What do you think of when you hear the term Ladies Night? Discounted drinks and free hors d’oeuvres at your local bar? On Little Cranberry Island the term Ladies Night specifically refers to a potluck dinner at an island home where the hostess provides a main dish and other female guests bring a variety of side dishes and desserts to share. 

Recently, Jeri Spurling hosted just such a dinner at her house on Islesford to celebrate Karen Smallwood’s week-long mid-winter visit to the island. Karen grew up here and lives here for six months out of the year and she always makes an effort to revive this increasingly rare activity when she is on the island.

Every time, the event brings up memories of Ladies Nights gone by, and how much it used to be part of our off season entertainment and survival. Twenty years ago, the Internet, Netflix, video streaming, FaceBooking, e-mailing, Googling, texting, and blogging were unimaginable and unreal. Instead, many island women took the time to share great food and fill the need to connect with each other. 

For a number of years (except in the summer) we met regularly. It was usually determined who would host the next Ladies Night before any of us departed the one we were attending. Two weeks later a sign would be posted on the door at the store with the name of the hostess and what she would be serving.

Almost everyone brought knitting on those nights, and if you didn’t knit it was a good place to learn. Seasoned knitters had advice for those of us who were stumbling through our first fishermen’s vests. We ordered yarn in bulk from catalogs to save money and inspire us for our next knitting project. Men and young children were not invited. These evenings were meant to be a break for women from home and hearth, and they were. Nursing babies were allowed to be there, but the mothers still got a break because so many of us were anxious for our turn to hold the little ones.

Men wondered what we talked about, though they might have been disappointed in how rarely they were a topic of conversation. There were discussions of childbirth, recipes, laundry (“How do you fold a fitted sheet?”) and school issues.

One time we talked about height and perceived height resulting in everyone measuring how tall they were. We were surprised that all but two of the group were in the 5-foot, 3-inch to 5-foot, 5-inch range. “I thought you were taller!” was a common comment.

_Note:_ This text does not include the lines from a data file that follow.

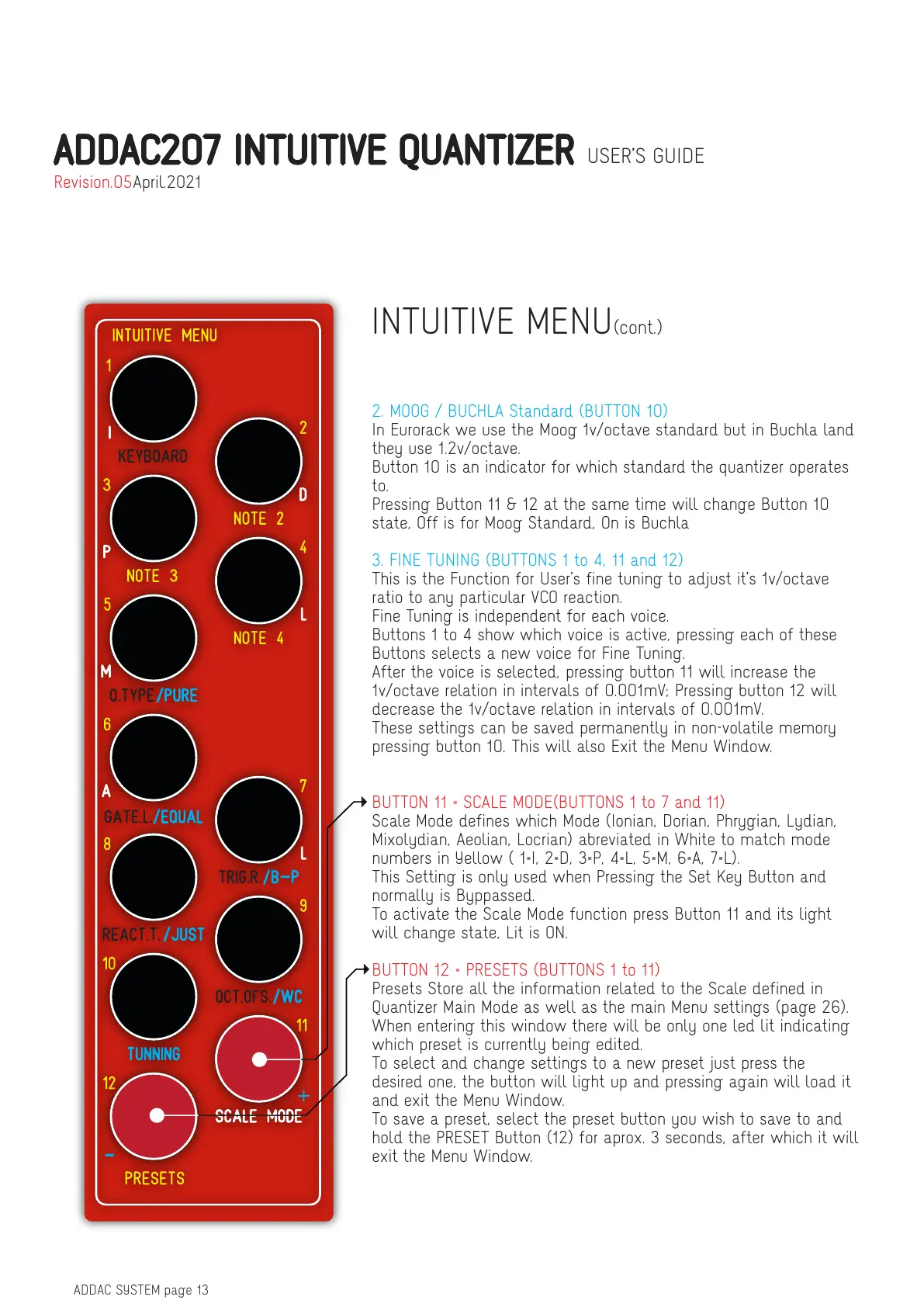 ADDAC207 INTUITIVE QUANTIZER USER’S GUIDE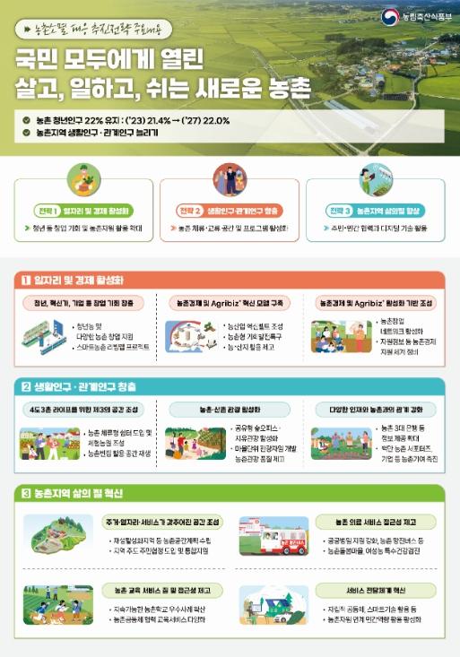 새로운 농촌 패러다임은 농업인·청년·혁신가·기업가 등이 모이는 ‘창의적 공간’, 첨단기술 적용 등으로 농촌의 잠재력을 극대화하는 ‘스마트 공간’, 집적화되고 기능적으로 연계된 ‘네트워크 공간’ 등으로 농촌 공간의 가치와 기능을 전환하기 위해 ①일자리·경제 활성화, ②생활인구·관계인구 창출, ③ 농촌 삶의 질 혁신 등 3대 전략을 통해 구체화하였으며, 농촌공간계획, 소멸위험지수 등 관련 제도 및 인프라 확충도 추진한다.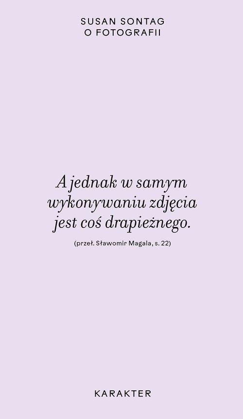 Автор анализирует работу выдающихся фотографов, цитирует тексты писателей и философов, но также пишет о фотографии как часть повседневной жизни, своего рода социального ритуала, пытаясь понять его функцию и смысл. Знаменитая книга Сьюзен Сонтаг - это не только коллекция блестящих фотографий, но и захватывающий, тщательный анализ современного мира . Потому что, как она пишет, собирать фотографии - значит собирать мир. "
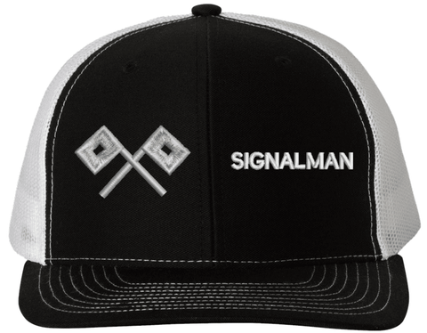 MilitaryBest is proud to offer this Navy Signalman (SM) Rating USA Mesh-Back Cap. The design of this Cap is crisp, clean, and sure to be loved by people of all ages! This Mesh Back Cap Design is crafted by our skilled embroidery technicians at our facilities in Scottsboro, Alabama. As with all MilitaryBest items, your satisfaction is guaranteed!Caps ordered with embroidered back text requires an additional 1 to 2 days of production time. All personalized caps will be embroidered in ALL CAPITAL LETTERS. Caps personalized with back text are not returnable unless there is a material defect in the cap.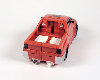 First up, Swerve's alt-mode is identical to Kup's non-descript pickup mode. He's mostly red, but has a somewhat obnoxiously glossy black hood. Why did they paint his hood black? It could be an homage to his "G1" toy, which featured a black hood scoop, but that's kind of reaching. Beats me why they did it, but it does give him that carbon-fiber, illegal street racing look. I just wish it wasn't so glossy.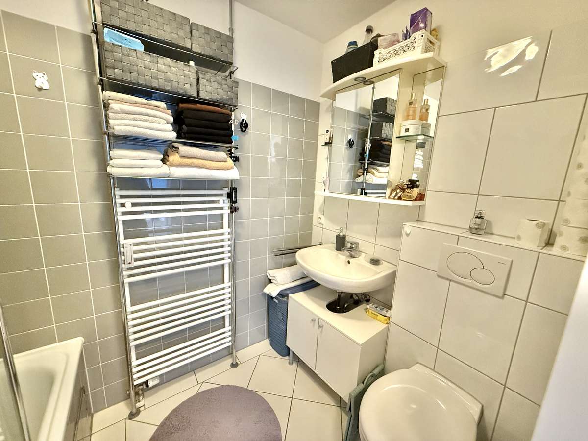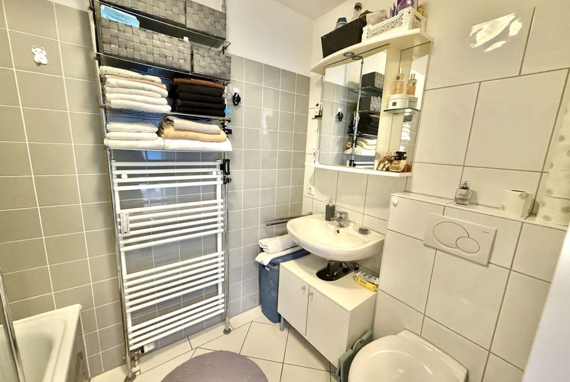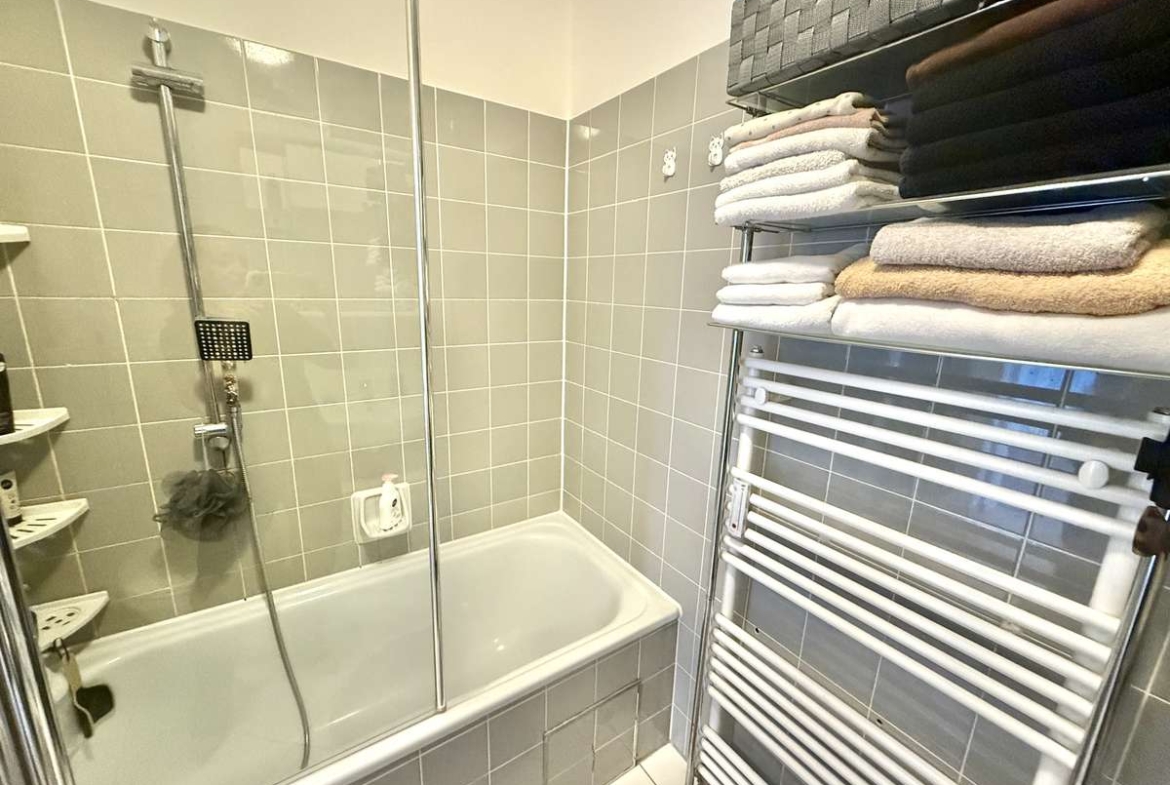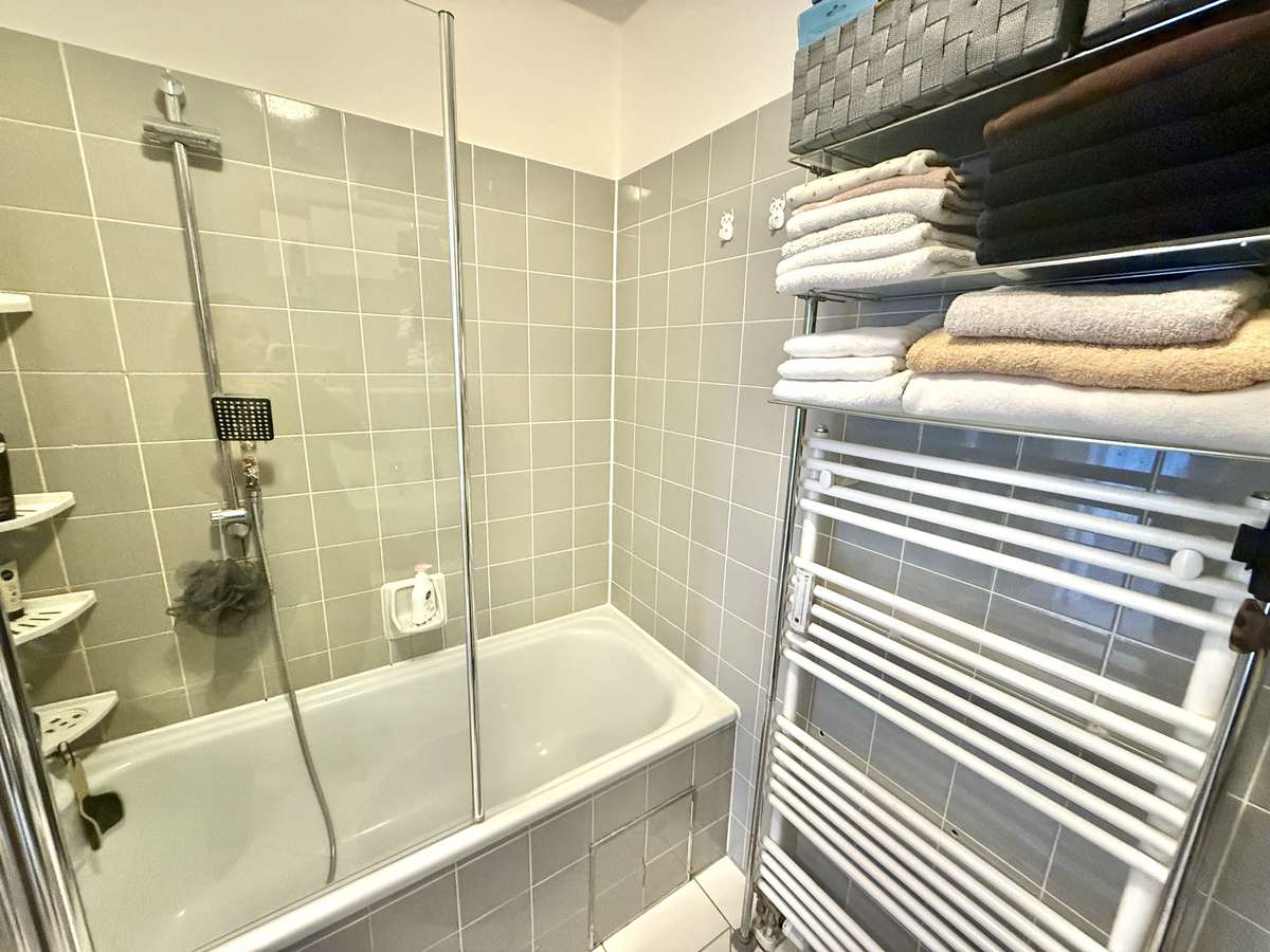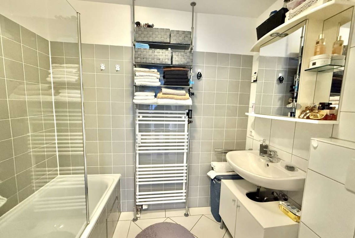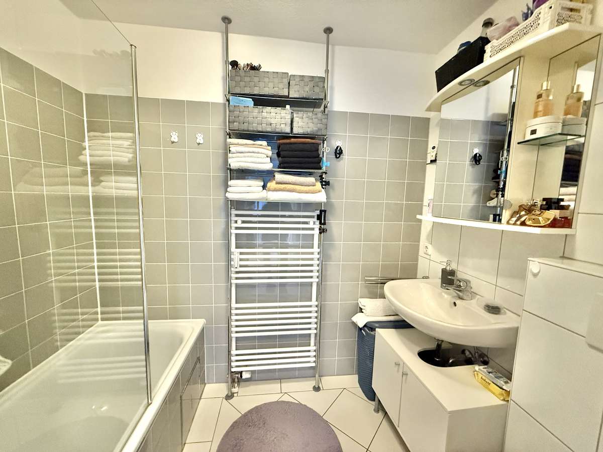 Das Badezimmer ist elegant in Weiß und Grau gefliest und überzeugt durch Funktionalität und Stil. Die Badewanne mit Echtglasduschwand, das Waschbecken mit Spiegelschrank, das WC sowie die Handtuchheizung schaffen einen modernen Wohlfühlbereich.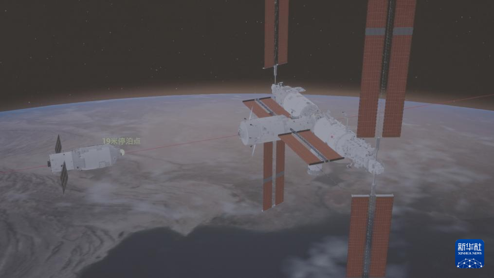 7月15日在北京航天飞行控制中心拍摄的天舟九号货运飞船向空间站组合体靠拢的画面。新华社发(周柯毅 摄)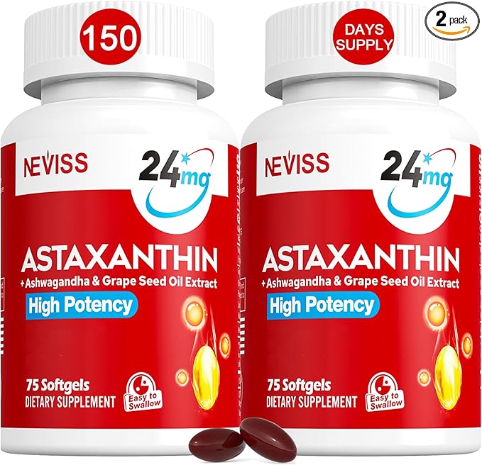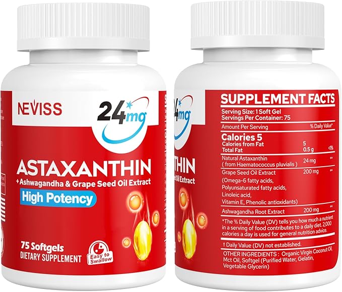 - 5-in-1 Better Absorption: NEVISS High Absorption & Potency 24 mg Astaxanthin Softgels provide natural astaxanthin, a fat-soluble antioxidant carotenoid derived from microalgae Haematococcus pluvialis, combined with ashwagandha root extract and grape seed Oil extract that increase nutrient absorption by 99%. This astaxanthin supplement helps to fight free radicals, supports skin, eyes & immune health. Ashwagandha also helps with relaxation, promote better rest.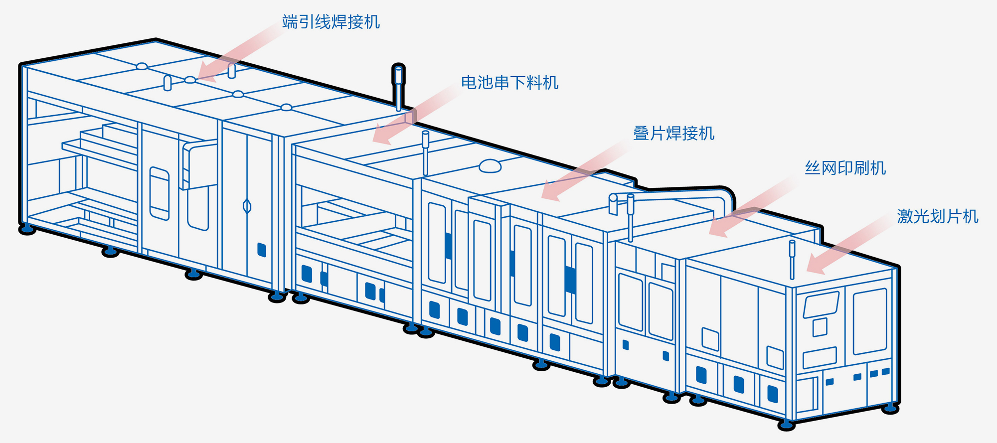 叠焊机主要用于全自动晶硅太阳电池组件中单晶、多晶电池片的叠焊,适用于小规格晶硅太阳电池片的串联焊接,电池片搬运采用SCARA机器人配合视觉进行精准定位,采用丝网印涂胶工艺进行焊接,提高电池转换效率,利用输送带加热加快电池片焊接。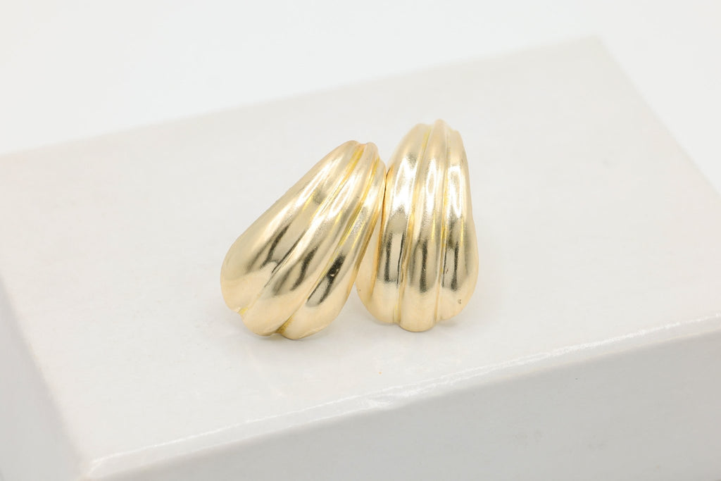 Ribbed Teardrop Earring, 14/20 Gold-Filled, 13mm x 8mm, Wholesale, Shell Fluted Tear Drop Wholesale Jewelry Earrings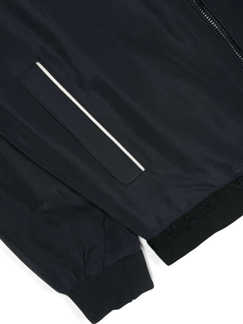 Темно-синий, эластичный пояс с логотипом, бейсбольный воротник, длинные рукава, два вшитых кармана по бокам, застежка на молнии спереди и прямой подол.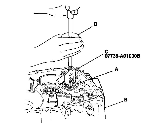 1. Remove the ball bearing (A) from the clutch housing (B) using the 20-40 mm adjustable bearing puller (C) and a commercially available 3/8''-16 UNF slide hammer (D).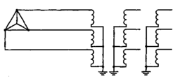 Рисунок Б.4 — Схема включения трехфазных трехобмоточных трансформаторов в трехфазных электрических сетях с изолированной нейтралью и напряжением 3 — 35 кВ

There was the time one of the women’s magazines sponsored a contest for a group makeover in New York City. Of course we applied. We thought we were a shoo-in with our diverse group that included a scuba diver, a weaver, a postmistress, a teacher, a caterer, a jeweler and so on. And of course we lived (“were stuck”) on an island with no bridge. If we didn’t rate a trip to New York City as a fun loving group then who did?

The makeover was awarded to a group of flight attendants who were serving soldiers returning home from the first Gulf war. Oh well.

Another time, in the home of Joanne Thormann, we were all admiring the infants Jamie and Christina, the second born of our hostess and Margaret Blank, respectively. While Joanne was in the kitchen, someone had the brilliant idea to switch the clothes on the babies. When Joanne returned to the living room, she knew something was wrong but it took her a minute to figure out what it was. She felt like she had entered some bizarro world while the rest of us were enjoying our harmless entertainment.

Then there was the time when Sonja Moser and Bill McGuinnes had just arrived on the island to spend their first night in the CIRT house. Bravely, Sonja ventured up the block to Karen’s house to meet a whole batch of island women at once. One of the topics from that night still stands out in my mind, “Which would you rather give up, sex or chocolate?” Quite the introduction.

Tales from Ladies Night have woven their way into island folklore. “Were you there when Lawrence Hadlock shaved his legs and wore a skirt so he could join us for dinner?” (We let him stay.) Or, perhaps the most memorable occasion was when a nursing mother ran out of cow’s milk to make her planned dessert. Creative cook that she was, she used what she had on hand. Talk about putting yourself into your cooking!  

I would love to see the Islesford Ladies Nights make a comeback. Maybe they will. April can be such a dreary month that these dinners might be just the thing to help us get through it. After all, how can we create future folklore if we’re not getting together to make things happen?

Barbara Fernald lives on Islesford (Little Cranberry Island) where she makes jewelry.